Print word for word the first line of the listing below and every line after it, through the line with "Ребенок протягивает руки". Leave out the pictures and the rest.

• **Dataset extract**

####################

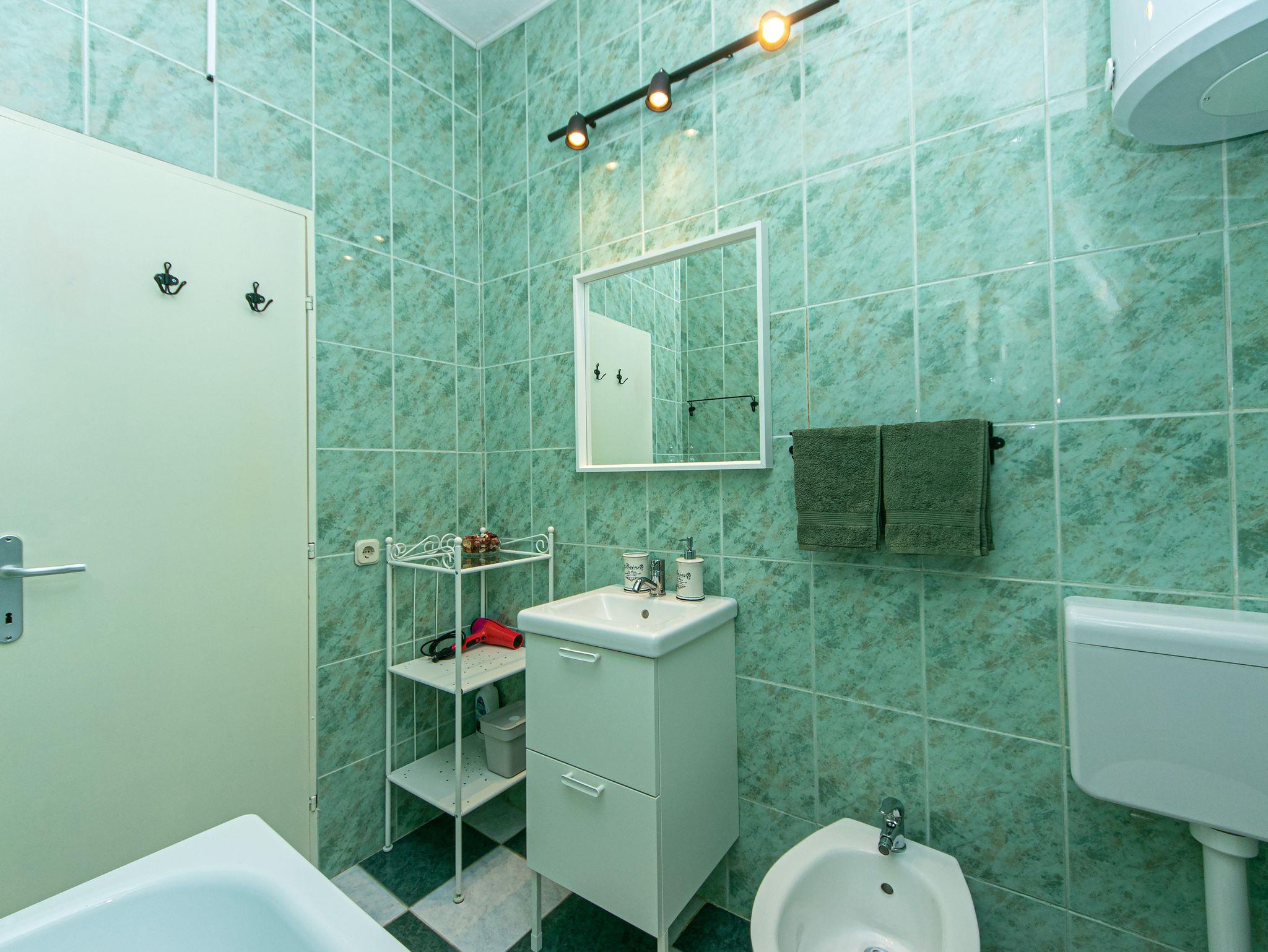 Ferienwohnung bietet Platz für 4 Gäste. Die Betten sind in Schlafzimmern, die es 1 gibt, und in Wohnzimmer, innerhalb einer Gesamtfläche von 39m2, angeordnet. Die Gäste haben eine eigene Terrasse zur Verfügung, auf der sie in warmen Sommernächten genießen können. Das Apartment bietet Meerblick. Es ist erlaubt, Speisen auf dem Gemeinschafts-Grill vorzubereiten. In der Unterkunftseinheit besteht die Möglichkeit des Mitbringens von Haustieren gegen Aufpreis. Räume der gebuchten Unterkunftseinheit werden nicht in eine Ganze verbunden. Unterkunftseinheit hat Räume, die von dem Rest der Einheit abgetrennt werden. IM PREIS INBEGRIFFEN: Kurtaxe, Endreinigung, Klimatisierung, Parkplatz, Garage, Internet, Wäschewaschen, Kinderbett, Bügeleisen, Bügelbrett, Föhn, Sonnenschirm. UNVERBINDLICHE ZUSÄTZLICHE KOSTEN: Haustiere (7,00 € pro Nacht), Zusatzbett (25,00 € pro Nacht). Die Verfügbarkeit zusätzlicher Dienstleistungen in Ihrem reservierten Termin und die Preise derselben (falls nicht aufgeführt) müssen im Voraus überprüft werden. Zusätzliche Dienstleistungen die in der Zahlungsaufforderung nicht aufgeführt sind werden direkt beim Vermieter bezahlt, angenommen der Gast nutzt auch diese. Ermäßigung auf den Grundpreis: Gratistag 14=13 (bei einem Aufenthalt von 14 Tagen oder mehr erhalten Sie einen Gratistag für den Aufenthalt bis 31.12.26).
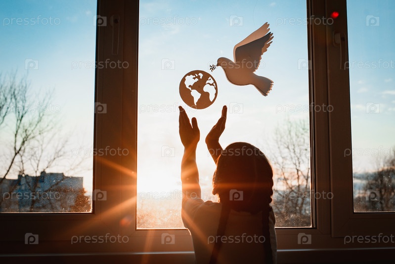 Ребенок протягивает руки солнечный свет закат за окном летит голубь мир с веткой силы глобус. концепция мира во всем мире, никакой войны, экология, защита планеты Земля, пацифизм
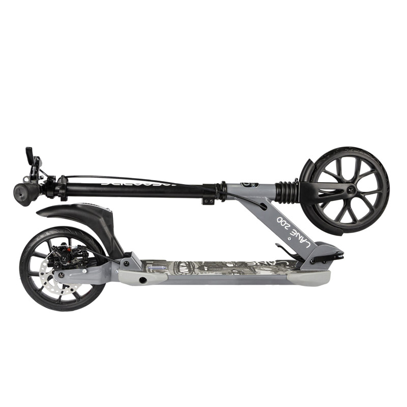 Самокат LANE - прекрасный вид транспорта для спорта и отдыха, подойдет как подросткам, так и детям. Двухколесный складной самокат. Отличается интересным дизайном, компактными размерами и превосходными техническими характеристиками. Самокат оснащён складной рулевой колонкой с замком, грипсы из гипоаллергенного материала TPR. Заниженная дека самоката позволяет комфортно передвигаться по городу, отталкиваясь только носком стопы. Стальная противоскользящая дека обеспечивает контроль над самокатом и безопасность пользователя. Дисковый задний тормоз.
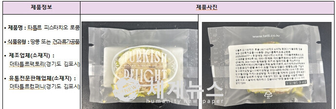 [세계뉴스 = 전승원 기자] 식품의약품안전처가 경기도 김포시에 위치한 식품제조·가공업체 '더타틀르팩토리'가 생산하고, 유통전문판매업체 '더타틀르컴퍼니'가 판매하는 '타틀르 피스타치오 로쿰'에서 아플라톡신이 기준치를 초과 검출됐다고 밝혔다.
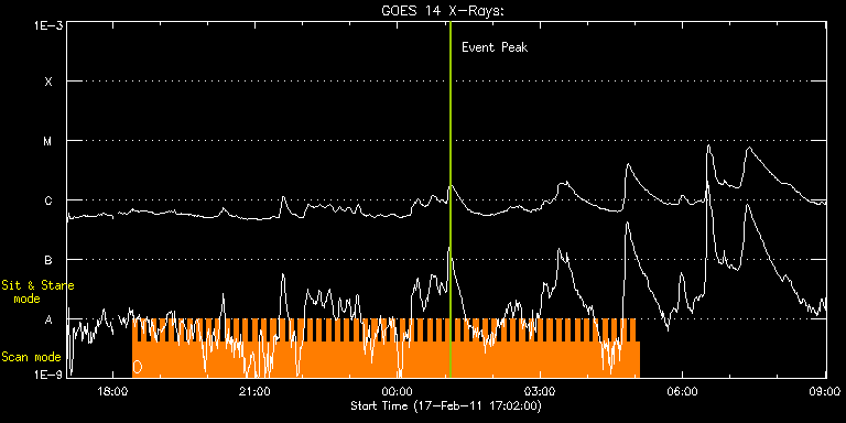 EIS Observation timeline overlay to GOES-Xray curve Code 1" 2" 40" 266" EIS Observations list for this event: STUDY ACRONYM ID DATE OBSERVED DESCRIPTION NOAA# TARGET 0 HH_Flare_180x160_v2 | 21085 | 2011/02/17 18:25:13 | Fast Scan Flare AR 11158 | 1158 | Flare TIMELINE ID DATE OBSERVED FITS FILE XCEN (+W/-E) YCEN (+N/-S) DUR ----------------------------------------------------------------------------------------------------------------- 21085 | 2011/02/17 18:25:13.000 | eis_l0_20110217_182513.fits.gz | 665.82 | -261.60 | 5m47s 21085 | 2011/02/17 18:31:03.000 | eis_l0_20110217_183103.fits.gz | 666.36 | -261.75 | 5m46s 21085 | 2011/02/17 18:36:52.000 | eis_l0_20110217_183652.fits.gz | 666.98 | -261.83 | 5m47s 21085 | 2011/02/17 18:42:41.000 | eis_l0_20110217_184241.fits.gz | 667.52 | -261.91 | 5m47s 21085 | 2011/02/17 18:48:31.000 | eis_l0_20110217_184831.fits.gz | 667.98 | -261.91 | 5m47s 21085 | 2011/02/17 18:54:20.000 | eis_l0_20110217_185420.fits.gz | 668.68 | -261.98 | 5m47s 21085 | 2011/02/17 19:00:10.000 | eis_l0_20110217_190010.fits.gz | 669.30 | -262.14 | 5m46s 21085 | 2011/02/17 19:05:59.000 | eis_l0_20110217_190559.fits.gz | 669.68 | -262.14 | 5m46s 21085 | 2011/02/17 19:11:48.000 | eis_l0_20110217_191148.fits.gz | 670.30 | -262.06 | 5m47s 21085 | 2011/02/17 19:17:37.000 | eis_l0_20110217_191737.fits.gz | 670.84 | -262.14 | 5m46s 21085 | 2011/02/17 19:23:26.000 | eis_l0_20110217_192326.fits.gz | 671.38 | -262.29 | 5m46s 21085 | 2011/02/17 19:29:15.000 | eis_l0_20110217_192915.fits.gz | 672.00 | -262.29 | 5m46s 21085 | 2011/02/17 19:35:04.000 | eis_l0_20110217_193504.fits.gz | 672.54 | -262.37 | 5m47s 21085 | 2011/02/17 19:40:54.000 | eis_l0_20110217_194054.fits.gz | 673.31 | -262.52 | 5m47s 21085 | 2011/02/17 19:46:44.000 | eis_l0_20110217_194644.fits.gz | 673.70 | -262.60 | 5m46s 21085 | 2011/02/17 19:52:33.000 | eis_l0_20110217_195233.fits.gz | 674.24 | -262.68 | 5m47s 21085 | 2011/02/17 19:58:23.000 | eis_l0_20110217_195823.fits.gz | 674.86 | -262.83 | 5m47s 21085 | 2011/02/17 20:04:12.000 | eis_l0_20110217_200412.fits.gz | 675.40 | -262.83 | 5m47s 21085 | 2011/02/17 20:10:02.000 | eis_l0_20110217_201002.fits.gz | 676.02 | -262.91 | 5m47s 21085 | 2011/02/17 20:15:52.000 | eis_l0_20110217_201552.fits.gz | 676.56 | -262.99 | 5m46s 21085 | 2011/02/17 20:21:41.000 | eis_l0_20110217_202141.fits.gz | 677.10 | -263.07 | 5m47s 21085 | 2011/02/17 20:27:30.000 | eis_l0_20110217_202730.fits.gz | 677.64 | -263.22 | 5m47s 21085 | 2011/02/17 20:33:20.000 | eis_l0_20110217_203320.fits.gz | 678.26 | -263.07 | 5m46s 21085 | 2011/02/17 20:39:09.000 | eis_l0_20110217_203909.fits.gz | 678.80 | -263.30 | 5m46s 21085 | 2011/02/17 20:44:58.000 | eis_l0_20110217_204458.fits.gz | 679.26 | -263.30 | 5m46s 21085 | 2011/02/17 20:50:47.000 | eis_l0_20110217_205047.fits.gz | 679.88 | -263.45 | 5m47s 21085 | 2011/02/17 20:56:36.000 | eis_l0_20110217_205636.fits.gz | 680.50 | -263.45 | 5m47s 21085 | 2011/02/17 21:02:25.000 | eis_l0_20110217_210225.fits.gz | 680.96 | -263.61 | 5m47s 21085 | 2011/02/17 21:08:15.000 | eis_l0_20110217_210815.fits.gz | 681.58 | -263.53 | 5m47s 21085 | 2011/02/17 21:14:05.000 | eis_l0_20110217_211405.fits.gz | 682.12 | -263.61 | 5m46s 21085 | 2011/02/17 21:19:54.000 | eis_l0_20110217_211954.fits.gz | 682.66 | -263.68 | 5m47s 21085 | 2011/02/17 21:25:44.000 | eis_l0_20110217_212544.fits.gz | 683.28 | -263.76 | 5m46s 21085 | 2011/02/17 21:31:33.000 | eis_l0_20110217_213133.fits.gz | 683.82 | -263.91 | 5m47s 21085 | 2011/02/17 21:37:22.000 | eis_l0_20110217_213722.fits.gz | 684.28 | -263.91 | 5m47s 21085 | 2011/02/17 21:43:12.000 | eis_l0_20110217_214312.fits.gz | 684.90 | -263.99 | 5m46s 21085 | 2011/02/17 21:49:01.000 | eis_l0_20110217_214901.fits.gz | 685.52 | -264.30 | 5m46s 21085 | 2011/02/17 21:54:49.000 | eis_l0_20110217_215449.fits.gz | 685.98 | -264.07 | 5m47s 21085 | 2011/02/17 22:00:39.000 | eis_l0_20110217_220039.fits.gz | 686.52 | -264.30 | 5m46s 21085 | 2011/02/17 22:06:27.000 | eis_l0_20110217_220627.fits.gz | 687.14 | -264.30 | 5m47s 21085 | 2011/02/17 22:12:17.000 | eis_l0_20110217_221217.fits.gz | 687.68 | -264.53 | 5m47s 21085 | 2011/02/17 22:18:07.000 | eis_l0_20110217_221807.fits.gz | 688.14 | -264.61 | 5m46s 21085 | 2011/02/17 22:23:56.000 | eis_l0_20110217_222356.fits.gz | 688.68 | -264.69 | 5m47s 21085 | 2011/02/17 22:29:46.000 | eis_l0_20110217_222946.fits.gz | 689.30 | -264.69 | 5m47s 21085 | 2011/02/17 22:35:36.000 | eis_l0_20110217_223536.fits.gz | 689.77 | -264.69 | 5m46s 21085 | 2011/02/17 22:41:25.000 | eis_l0_20110217_224125.fits.gz | 690.46 | -264.76 | 5m47s 21085 | 2011/02/17 22:47:15.000 | eis_l0_20110217_224715.fits.gz | 690.92 | -264.76 | 5m46s 21085 | 2011/02/17 22:53:04.000 | eis_l0_20110217_225304.fits.gz | 691.47 | -264.84 | 5m46s 21085 | 2011/02/17 22:58:53.000 | eis_l0_20110217_225853.fits.gz | 692.08 | -265.00 | 5m46s 21085 | 2011/02/17 23:04:42.000 | eis_l0_20110217_230442.fits.gz | 692.62 | -265.15 | 5m46s 21085 | 2011/02/17 23:10:31.000 | eis_l0_20110217_231031.fits.gz | 693.09 | -265.23 | 5m46s 21085 | 2011/02/17 23:16:20.000 | eis_l0_20110217_231620.fits.gz | 693.55 | -265.23 | 5m46s 21085 | 2011/02/17 23:22:09.000 | eis_l0_20110217_232209.fits.gz | 694.25 | -265.46 | 5m47s 21085 | 2011/02/17 23:27:59.000 | eis_l0_20110217_232759.fits.gz | 694.71 | -265.46 | 5m47s 21085 | 2011/02/17 23:33:48.000 | eis_l0_20110217_233348.fits.gz | 695.33 | -265.38 | 5m47s 21085 | 2011/02/17 23:39:38.000 | eis_l0_20110217_233938.fits.gz | 695.79 | -265.54 | 5m47s 21085 | 2011/02/17 23:45:28.000 | eis_l0_20110217_234528.fits.gz | 696.26 | -265.69 | 5m46s 21085 | 2011/02/17 23:51:17.000 | eis_l0_20110217_235117.fits.gz | 696.87 | -265.69 | 5m47s 21085 | 2011/02/17 23:57:07.000 | eis_l0_20110217_235707.fits.gz | 697.49 | -265.92 | 5m47s 21085 | 2011/02/18 00:02:57.000 | eis_l0_20110218_000257.fits.gz | 697.96 | -265.85 | 5m46s 21085 | 2011/02/18 00:08:46.000 | eis_l0_20110218_000846.fits.gz | 698.49 | -266.00 | 5m46s 21085 | 2011/02/18 00:14:35.000 | eis_l0

####################

• **Exercise solution**
 Ferienwohnung bietet Platz für 4 Gäste. Die Betten sind in Schlafzimmern, die es 1 gibt, und in Wohnzimmer, innerhalb einer Gesamtfläche von 39m2, angeordnet. Die Gäste haben eine eigene Terrasse zur Verfügung, auf der sie in warmen Sommernächten genießen können. Das Apartment bietet Meerblick. Es ist erlaubt, Speisen auf dem Gemeinschafts-Grill vorzubereiten. In der Unterkunftseinheit besteht die Möglichkeit des Mitbringens von Haustieren gegen Aufpreis. Räume der gebuchten Unterkunftseinheit werden nicht in eine Ganze verbunden. Unterkunftseinheit hat Räume, die von dem Rest der Einheit abgetrennt werden. IM PREIS INBEGRIFFEN: Kurtaxe, Endreinigung, Klimatisierung, Parkplatz, Garage, Internet, Wäschewaschen, Kinderbett, Bügeleisen, Bügelbrett, Föhn, Sonnenschirm. UNVERBINDLICHE ZUSÄTZLICHE KOSTEN: Haustiere (7,00 € pro Nacht), Zusatzbett (25,00 € pro Nacht). Die Verfügbarkeit zusätzlicher Dienstleistungen in Ihrem reservierten Termin und die Preise derselben (falls nicht aufgeführt) müssen im Voraus überprüft werden. Zusätzliche Dienstleistungen die in der Zahlungsaufforderung nicht aufgeführt sind werden direkt beim Vermieter bezahlt, angenommen der Gast nutzt auch diese. Ermäßigung auf den Grundpreis: Gratistag 14=13 (bei einem Aufenthalt von 14 Tagen oder mehr erhalten Sie einen Gratistag für den Aufenthalt bis 31.12.26).
 Ребенок протягивает руки солнечный свет закат за окном летит голубь мир с веткой силы глобус. концепция мира во всем мире, никакой войны, экология, защита планеты Земля, пацифизм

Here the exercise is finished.